For our first conx network we will be learning logical OR, which will take 2 input values reprenting True/False and outputs True/False.

In [1]:
from conx import *

Using TensorFlow backend.

In [2]:
or_net = Network("or")
or_net.connect()
or_net.compile(loss="mse", optimizer=SGD(lr=0.1, momentum=0.9))
or_net.model.summary()

_________________________________________________________________
Layer (type)                 Output Shape              Param #
=================================================================
input (InputLayer)           (None, 2)                 0
_________________________________________________________________
output (Dense)               (None, 1)                 3
=================================================================
Total params: 3
Trainable params: 3
Non-trainable params: 0
_________________________________________________________________


The number of parameters in a network is based on the size of the layers. Each layer automatically has an additional node, called the bias, which is fully connected to the next layer. So to determine the number of paramters between any two layers, the formula is: (size(layer1) + 1) * size(layer2). So for this simple network, we have (size(input) + 1) * size(output) = (2+1) * 1 = 3.

### Defining a Dataset¶

In order to train a neural network you will need to define a dataset. For small datasets, you can manually add the pairs of input patterns and target patterns one at a time. We will be using two inputs (using 1 to represent True and 0 to represent False) and outputting the OR of the two inputs, where OR(0,0)=0, OR(0,1)=1, OR(1,0)=1, and OR(1,1)=1. Using the clear method ensures that you won't add duplicates of the patterns as you are testing within a notebook.

In [3]:
or_net.dataset.clear()
or_net.dataset.summary()

Input Summary:
count  : 4 (4 for training, 0 for testing)
shape  : (2,)
range  : (0.0, 1.0)
Target Summary:
count  : 4 (4 for training, 0 for testing)
shape  : (1,)
range  : (0.0, 1.0)


Typically, you would divide the dataset into two subsets, one for training and another for validation. After each pass through the training set, the weights of the network are fixed and the validation set is tested to provide feedback on how well the network is learning. This works best when the validation set is distinct from the training set. For small datasets, like the case with the OR problem, we don't have enough examples to create two separate datasets. If no validation set is provided, then the training set is also used as the validation set.

### Training a Network¶

Use the reset method, prior to training, to ensure that the network's parameters are re-initialized to random values. Next the train method is called. The train method takes the following paramters.

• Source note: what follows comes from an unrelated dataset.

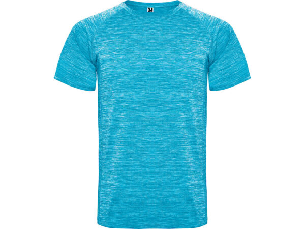 Спортивная футболка из полиэстерового полотна с рукавом реглан. Круглый вырез горловины. Легко сохнущее дышащее полотно с красивым меланжевым эффектом.
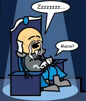 - Order of the Stick: Lord Shojo is possibly one of the most triumphant examples to date. He rules a Deadly Decadent Court and more importantly he knows it, and it's implied that it took a few assassination attempts to realize he couldn't just throw his weight around and expect to live very long. Instead he pretends to be old and senile and continually refers to his cat for advice and pretends he gets useful advice from him and is following it. He eventually reveals to Roy that the nature of the Deadly Decadent Court is such that if he acts old and senile and he can do pretty much whatever he wants. It helps that the nobles are actively screwing each other over so much that they assumes he's just being manipulated by everyone.

• epochs: One pass through the entire dataset is called an epoch of training. This indicates the maximum number of epochs of training.
• accuracy: If the network achieves this percentage correct on the validation set, then training stops early.
• tolerance: Defines how close an output has to be to the target to be considered correct. A tolerance of 0.2 indicates that if the target is 1 and the output is greater than 0.8, it will be correct. Similary if the target is 0 and the output is less than 0.2, it will be correct.
• report_rate: Specifies how often (in terms of epochs) the status of network training should be displayed.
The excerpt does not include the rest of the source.